In West Side Story, she delivers a stunning performance as Maria, the star-crossed lover of rival gang members Tony and Riff Randell. Her wide-eyed swooning, as well as her ability to sell both intimate and Broadway bombastic, is the film’s secret weapon. Her co-stars also shine. Ariana DeBose makes for a radiant Anita, while Rita Moreno adds a no-frills luminosity to the role of soda shop owner Valentina.

Wood continued to receive top billing in films until she was no longer a child, and her performances became increasingly layered. The Searchers (1956) and Bob & Carol & Ted & Alice (1969) both received critical praise, and she garnered a Golden Globe for her work in the latter. Although she acted more sparingly in the years to follow, Wood remained popular with audiences; her performances in Cat on a Hot Tin Roof (1976) and the miniseries From Here to Eternity (1979) were particularly memorable. In her last film, Brainstorm (1983), she starred opposite Christopher Walken and James Dean in a science fiction thriller that didn’t fare so well.

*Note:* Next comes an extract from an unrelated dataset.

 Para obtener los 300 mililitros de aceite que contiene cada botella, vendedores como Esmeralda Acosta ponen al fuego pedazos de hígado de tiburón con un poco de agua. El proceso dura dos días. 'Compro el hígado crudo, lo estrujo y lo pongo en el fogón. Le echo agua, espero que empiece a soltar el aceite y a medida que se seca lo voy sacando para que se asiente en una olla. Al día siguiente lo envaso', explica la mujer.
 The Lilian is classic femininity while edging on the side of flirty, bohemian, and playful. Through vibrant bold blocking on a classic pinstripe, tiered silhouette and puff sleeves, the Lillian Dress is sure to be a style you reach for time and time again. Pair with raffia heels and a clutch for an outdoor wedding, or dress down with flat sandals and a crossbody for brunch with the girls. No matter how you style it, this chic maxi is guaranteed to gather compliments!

Love with the Proper Stranger

Wood starred in another film with McQueen that year, this one a contemporary drama about an innocent New York City sales clerk (Wood) who begins a tumultuous affair with a jazz musician who also works as a waiter. The story is somewhat bold for the times, as an illegal abortion is a recurring theme in the plot, and both stars are very appealing, particularly in the way they make it clear that their characters are pragmatists and too practical to fall into romance no matter how fate might push them toward it.

Modestly photographed in black-and-white, this film reflects a realistic view of 1960s working class life and makes fine use of urban Big Apple locations. Its deft screenplay emphasizes human quirks and foibles, celebrates ethnicity, and makes a strong point about the importance of family support – all with a surprisingly light touch for such a serious subject matter. Director Mulligan, like his star, keeps the tone just right, never allowing technique or superfluous trimmings to get in the way of the underlying material.

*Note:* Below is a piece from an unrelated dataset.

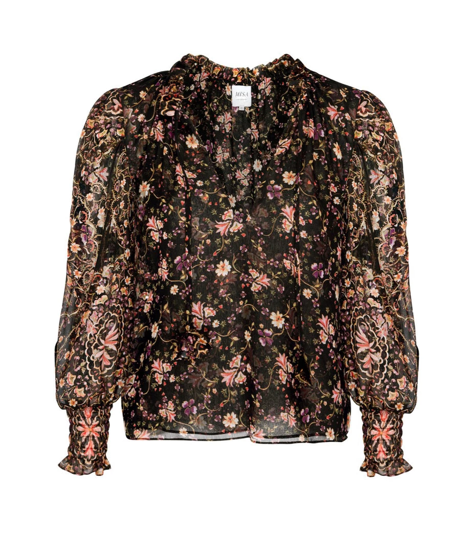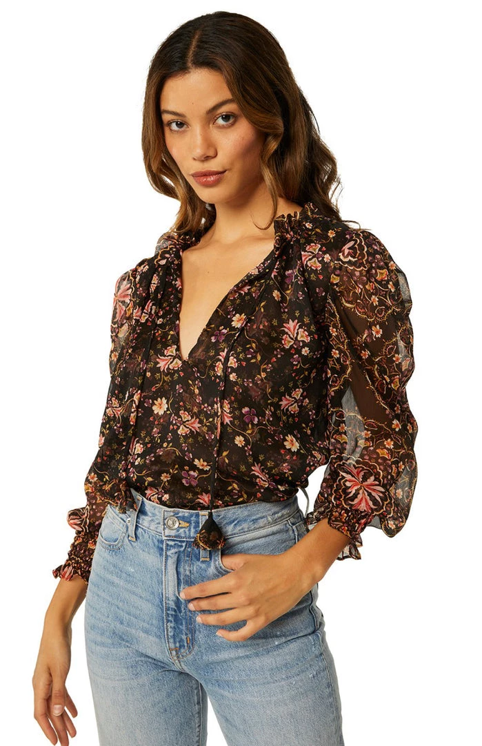 A classic top in a medallion chiffon print. A split-tie neckline with contrast ruffle trim and petal ties lead into long semi-sheer sleeves with wide, smocked elastic cuffs. Pair with the coordinating Marion skirt for the perfect set.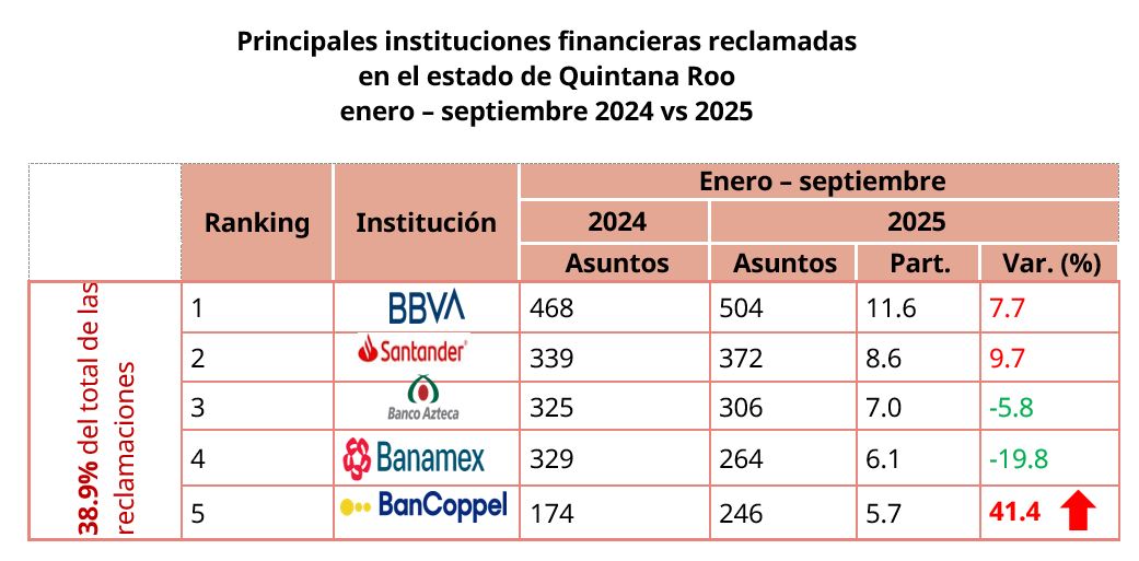 Las principales causas de reclamación de enero a septiembre de 2025 fueron: los consumos no reconocidos, la actualización de historial crediticio no realizada y la transferencia electrónica no reconocida, las cuales en conjunto representaron el 25.2% de las quejas en la entidad.

It’s a film that’s a solid, effective work and a great showcase for its stars, and it’s another example of how carefully calculated her career was at RKO on a movie-by-movie basis to stretch her acting abilities and grow her in the eyes of audiences. Kino Lorber’s Blu-ray offers a nice HD presentation of this underrated and exceptionally performed film, with a valuable commentary.

Sex and the Single Girl

Sex and the Single Girl is one of a handful of flicks that made it clear that the 1960s would be a decade where women gained new freedom and attitudes towards sex. This bouncy comedy benefits from a game cast led by Tony Curtis still riding high after Some Like It Hot and Natalie Wood showing that she could handle both the sexy and the comedic with aplomb.

Bob Weston (Curtis) is a writer for the scandal mag Stop, and he wants to sully the reputation of Helen Gurley Brown (Wood). At just 23 years old, the gorgeous and intellectually prodigious psychologist gained celebrity as the author of the best-selling Sex and the Single Girl, a book that extolled female empowerment in the bedroom.

But Weston is suspicious that she may be a fraud and wants to dig deeper. So he impersonates her pantyhose magnate neighbor Frank Broderick and his acerbic wife Sylvia, and gets them to visit Brown as patients.

Then he starts to fall in love with her. But is he a sleazy magazine editor or just a good guy in love? This is a crazy, over the top, arrhythmic sixties comedy, and it can be quite fun if you’re willing to go along with its nonsensical plot. It also gives you the chance to see some of Hollywood’s great faces acting like adorable fools, especially Natalie Wood.